- **TASK GOAL**:
Retype the listing exactly. Leave out the images.

DATA SEGMENT Block Start

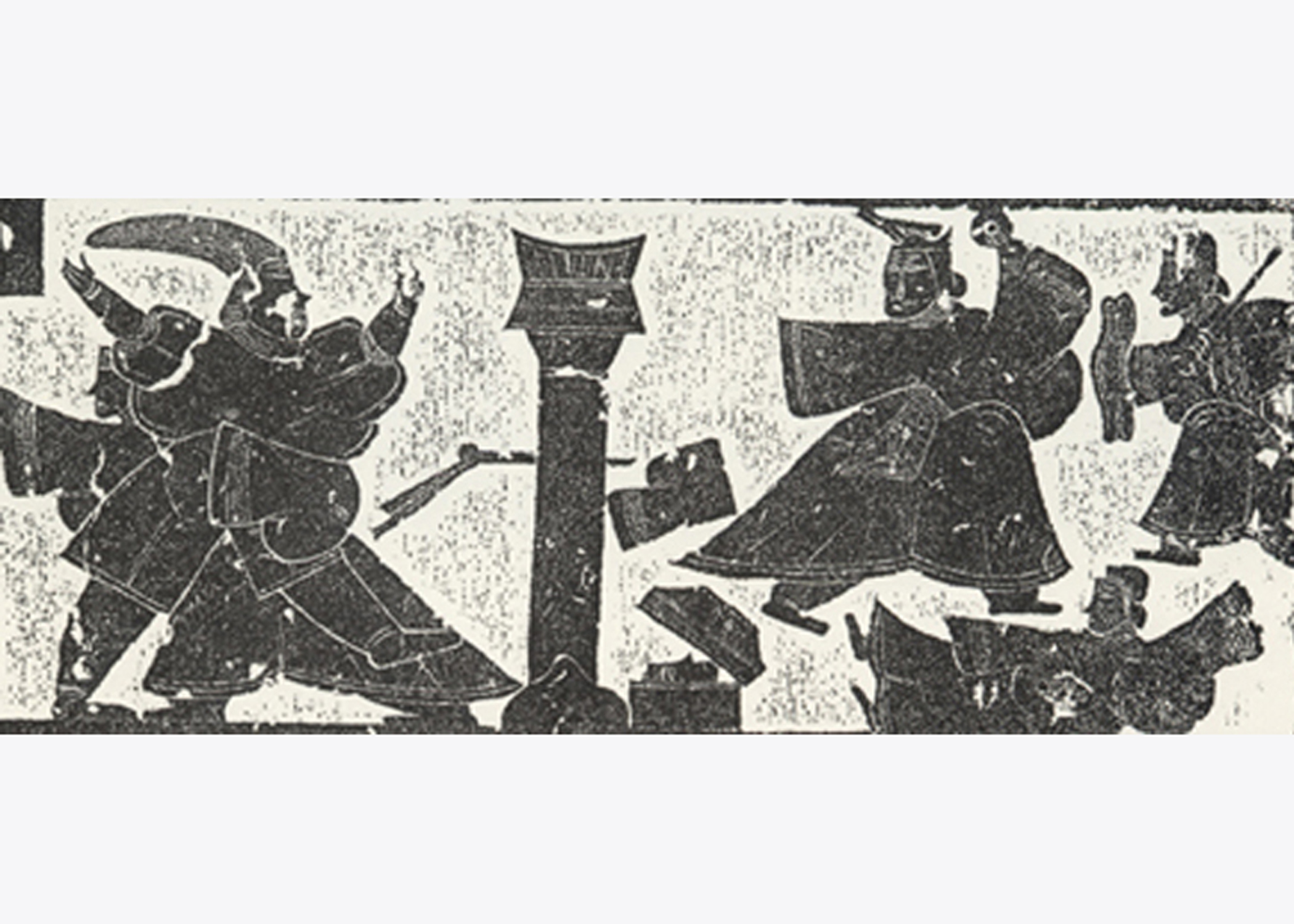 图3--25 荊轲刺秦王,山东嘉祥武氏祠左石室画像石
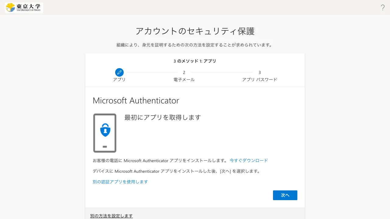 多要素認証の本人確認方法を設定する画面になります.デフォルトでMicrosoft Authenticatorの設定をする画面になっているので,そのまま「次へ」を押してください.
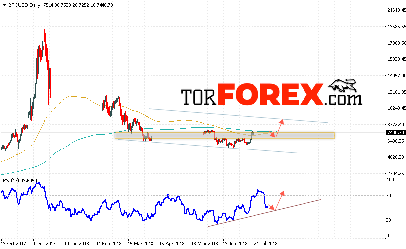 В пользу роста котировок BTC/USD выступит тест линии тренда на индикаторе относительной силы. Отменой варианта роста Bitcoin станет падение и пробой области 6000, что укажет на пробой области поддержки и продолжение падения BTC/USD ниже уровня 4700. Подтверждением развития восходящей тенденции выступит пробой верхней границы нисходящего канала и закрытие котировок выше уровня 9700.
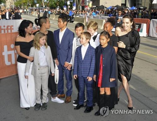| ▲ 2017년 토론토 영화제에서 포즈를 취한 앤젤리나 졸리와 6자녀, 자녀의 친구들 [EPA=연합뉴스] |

DATA SEGMENT Block End

- **YOUR SOLUTION**:
 图3--25 荊轲刺秦王,山东嘉祥武氏祠左石室画像石
 多要素認証の本人確認方法を設定する画面になります.デフォルトでMicrosoft Authenticatorの設定をする画面になっているので,そのまま「次へ」を押してください.
 В пользу роста котировок BTC/USD выступит тест линии тренда на индикаторе относительной силы. Отменой варианта роста Bitcoin станет падение и пробой области 6000, что укажет на пробой области поддержки и продолжение падения BTC/USD ниже уровня 4700. Подтверждением развития восходящей тенденции выступит пробой верхней границы нисходящего канала и закрытие котировок выше уровня 9700.
| ▲ 2017년 토론토 영화제에서 포즈를 취한 앤젤리나 졸리와 6자녀, 자녀의 친구들 [EPA=연합뉴스] |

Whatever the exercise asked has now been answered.